As other social media platforms face challenges in terms of trust and desirability, Instagram (no.44, $28.2 billion), now with over 1 billion users worldwide, emerged as this year’s fastest riser climbing 47 places with a massive +95% growth in brand value. Lululemon, the yoga-inspired, athletic apparel company was the second fastest riser, stretching to +77% growth year-on-year to $6.92 billion.
Other top risers, such as Netflix (+65%, no. 34, $34.3 billion), Amazon (+52%, $315.5 billion) and Uber (+51%, no.53, $24.2 billion) reflect the rapidly changing, technology-driven world in which consumers are placing more value on richer brand experiences.
David Roth, CEO of The Store WPP EMEA and Asia and Chairman of BrandZ, says: “The growth in value of this year’s top 100 brands to an all-time high proves the power of investing in brands to deliver superior shareholder value. Behind this headline growth figure lies the success coming from a new phenomenon of ecosystem brand building. We’re seeing a move from individual product and service brands to a new era of highly-disruptive ecosystems. Brands need to understand the value this type of model can create and should embrace its approach to be successful in the future.”
Despite the economic uncertainty surrounding the US and China trade tariffs, almost a third of a trillion dollars ($328 billion) of value was added to the BrandZ Top 100 Global ranking over the last year, giving it a combined brand value of $4.7 trillion – roughly the combined GDP of Spain, Korea and Russia.

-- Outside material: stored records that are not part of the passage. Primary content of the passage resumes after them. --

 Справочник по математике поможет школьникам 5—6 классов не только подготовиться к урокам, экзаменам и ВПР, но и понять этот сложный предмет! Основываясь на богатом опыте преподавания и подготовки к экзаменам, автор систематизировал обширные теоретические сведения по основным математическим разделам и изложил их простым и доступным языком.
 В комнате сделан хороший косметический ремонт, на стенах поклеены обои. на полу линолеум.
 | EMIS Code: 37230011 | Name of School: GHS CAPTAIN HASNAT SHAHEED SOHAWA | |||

Much of this value is derived from consumer technology brands appearing in the ranking which combined are now worth in excess of $1 trillion. Examples include newcomers Xiaomi (no.74, $19.8 billion), a Chinese mobile handset brand that also uses the Internet of Things (IoT) to connect smart devices and is experiencing rapidly growing demand in countries such as Russia, India and Malaysia. Another Chinese brand, Meituan (no.78, $18.8 billion) is seen as a category-disrupting consumer technology platform offering everything from food delivery, room bookings and ride-hailing to bike rentals. Meanwhile, Uber is leveraging the ecosystem model and expanding into food and other delivery services, while Haier (no.89, $16.3 billion), the world’s largest home appliances and IoT platform is committed to co-creating an open ecosystem brand in the IoT era with its customers and partners.

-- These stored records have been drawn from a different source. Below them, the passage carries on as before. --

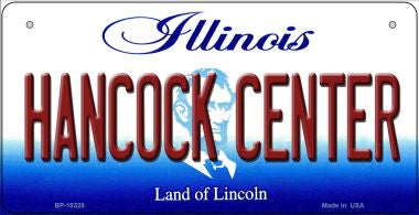 Hancock Center Illinois State License Plate Bicycle Plate BP-10328. 3" x 6" high gloss aluminum metal bicycle plate. Made of the highest quality aluminum for a weather resistant finish. It is lightweight & durable. Proudly made in the USA.
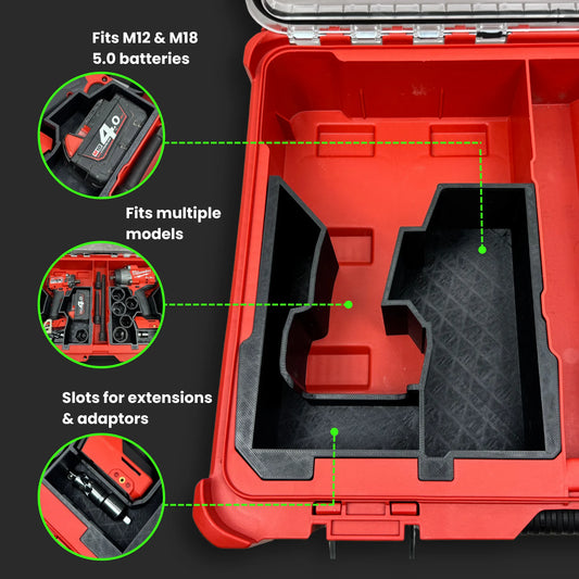 Custom inserts and organisers designed for the Milwaukee PACKOUT™ Organiser (48-22-8430). Perfect for batteries, sockets, fittings, and small tools, these inserts keep everything locked in place so it’s not sliding around in the trays. Turn your organiser into a proper, site-ready kit with storage that actually works the way you need it to.
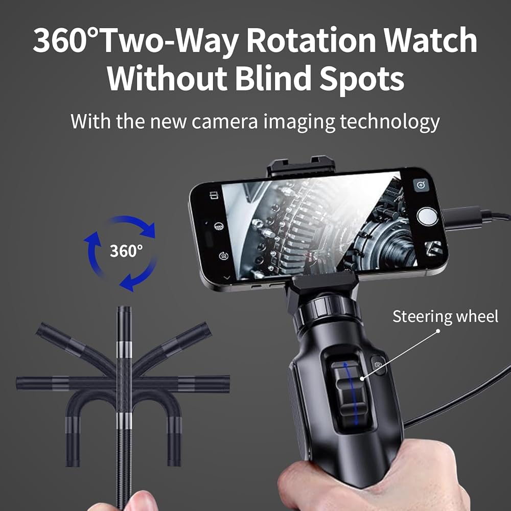 【 عدسة توجيه ثنائية الاتجاه 360 درجة】: أحدث ثورة في عمليات الفحص الخاصة بك بسهولة! بفضل القدرة على الدوران 360 درجة والانحناء للخلف 210 درجة دون عناء، فإن هذا المنظار هو الحل الأمثل للتنقل في المساحات الضيقة. التقط مقاطع فيديو وصور حية وواضحة وشاملة، ويتم بثها مباشرة إلى هاتفك المحمول في الوقت الفعلي عبر الكابل. الآن، استكشف أنظمة معقدة لم يسبق لها مثيل، وتمكن من الوصول بسهولة إلى المناطق التي كان يتعذر الوصول إليها في السابق.
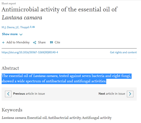 - Adulticidal activity of essential oil of Lantana camara leaves against mosquitoes. Indian J Med Res. 2010 Mar;131:434-9.
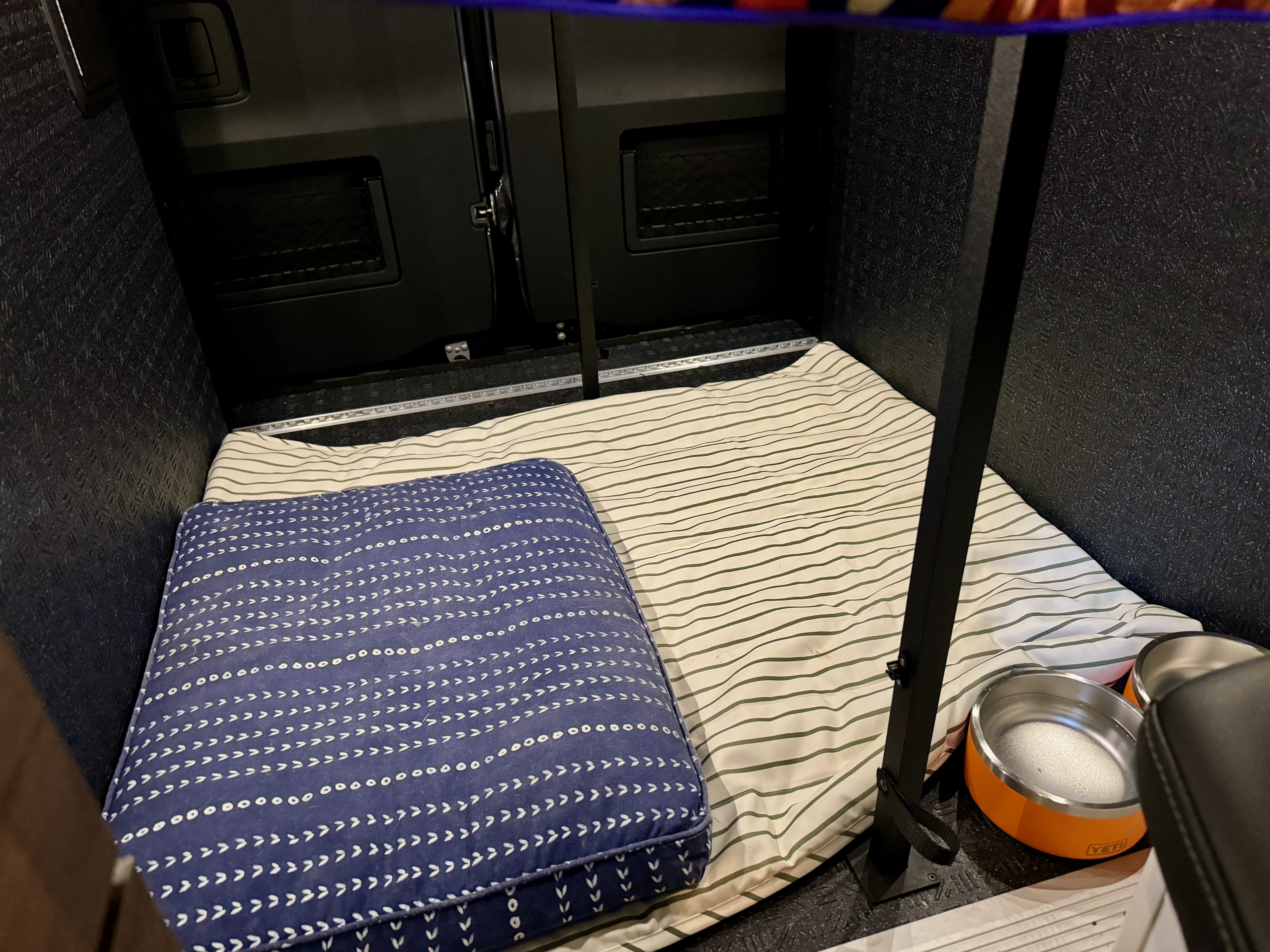 The dogs are going to have a ton of space underneath the bed in the garage, and we’re hoping they make this space their “cave.”

Doreen Wang, Kantar’s Global Head of BrandZ, comments: “Amazon’s phenomenal brand value growth of almost $108 billion in the last year demonstrates how brands are now less anchored to individual categories and regions. The boundaries are blurring as technology fluency allow brands, such as Amazon, Google and Alibaba, to offer a range of services across multiple consumer touchpoints. Using their consumer experience and expertise, these brands are crossing over into the business services sector, creating new opportunities for brand growth. Disruptive ecosystem models are flourishing in regions such as Asia, where consumers are more technology-enabled and where brands are integrating themselves into every aspect of people’s daily lives.”
Key trends highlighted in this year’s BrandZ Global Top 100 study include:
- Luxury is the fastest growing category (+29%) followed by Retail (+25%), fuelled by the shifting preferences to digital channels from GenY and GenZ consumers.

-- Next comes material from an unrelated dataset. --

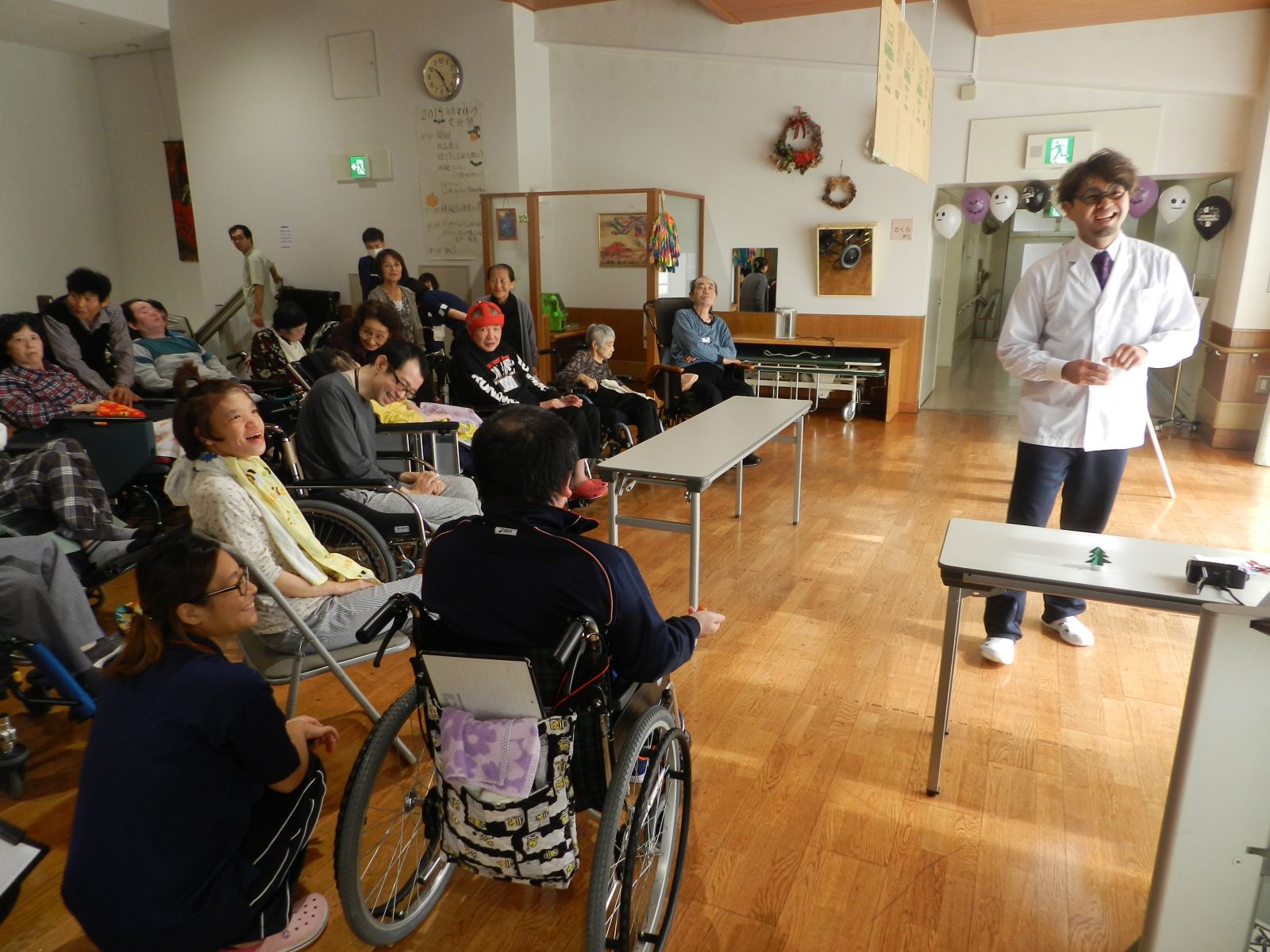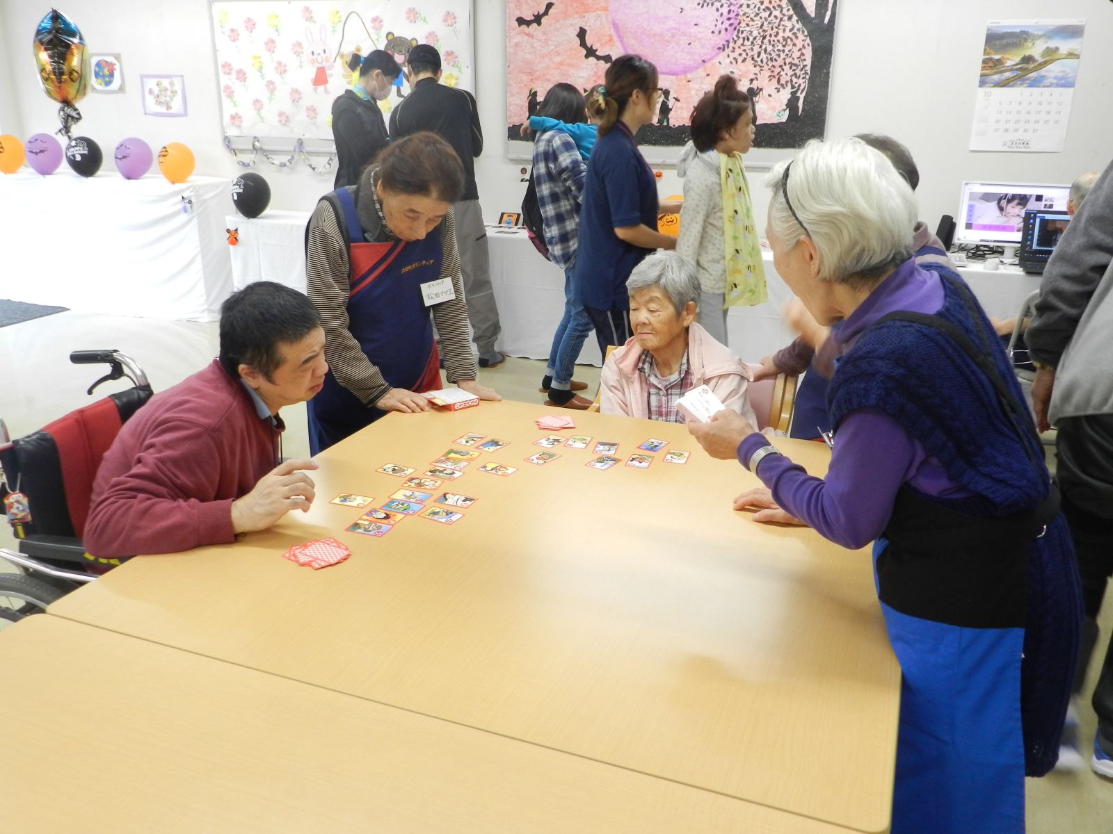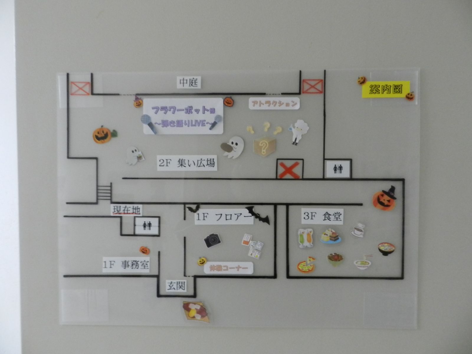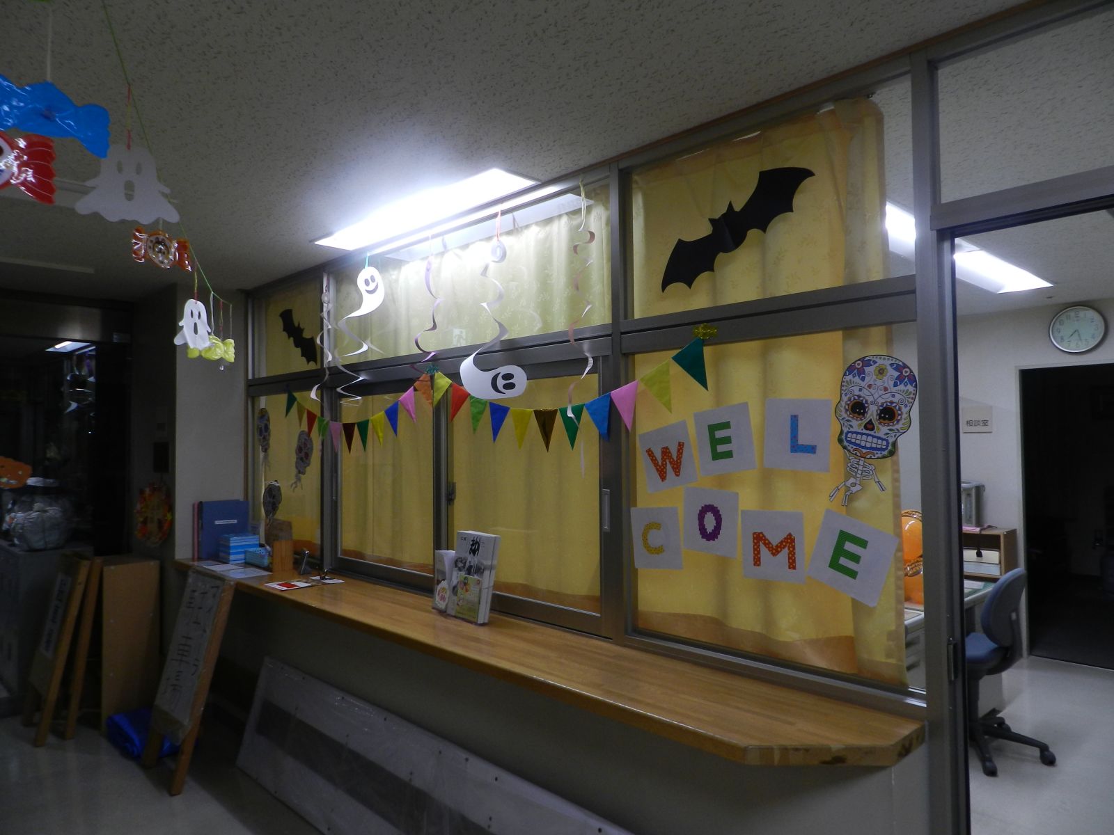 令和元年10月26日(土)マイトーラ文化祭を開催しました。今年も、利用者さんが日中活動等で作成された作品と職員による作品やボランティアさんの作品も並んで、施設内の展示場は力作揃いで賑やかになりました。飾り付けは、毎年この時期に開催されるハロウインにちなんだ飾り付けを行い、開催前日は、業務終了後全職員で最後の飾り付けを行いました。

- Technology, Finance and Retail categories dominate, accounting for more than two-thirds of the total value of brands.
- Nine newcomers appear in the Top 100, predominantly driven by Chinese and US technology brands with disruptive business models including Dell Technologies, Xbox, Haier, Meituan and Xiaomi.
- Asian brands increase their presence with 15 Chinese, three Indian and one Indonesian brand making the ranking among a total of 23 from the region, including LIC and Tata Consultancy Services.
- A new generation of brands emerge – GenZ brands (created after 1996) are miles ahead in growth rate as they add more value to the ranking per year of existence – almost four times more than brands created in the millennial era of 1977 to 1995. A total of 23 GenZ brands appear in the Top 100 with an average age of 16 years compared to 18 millennial brands averaging 33 years.
- Sustainable brands – Brand owners are demonstrating the importance of improving and reinforcing consumer perceptions that they are ‘responsible’ through social, environmental and corporate initiatives.
- China and US trade wars affected the growth of the Top 100 ranking, which slowed to +7% over the last 12 months. Consumer confidence was hit as the trade tariffs impacted several brand categories with Cars, Logistics and Banks suffering most.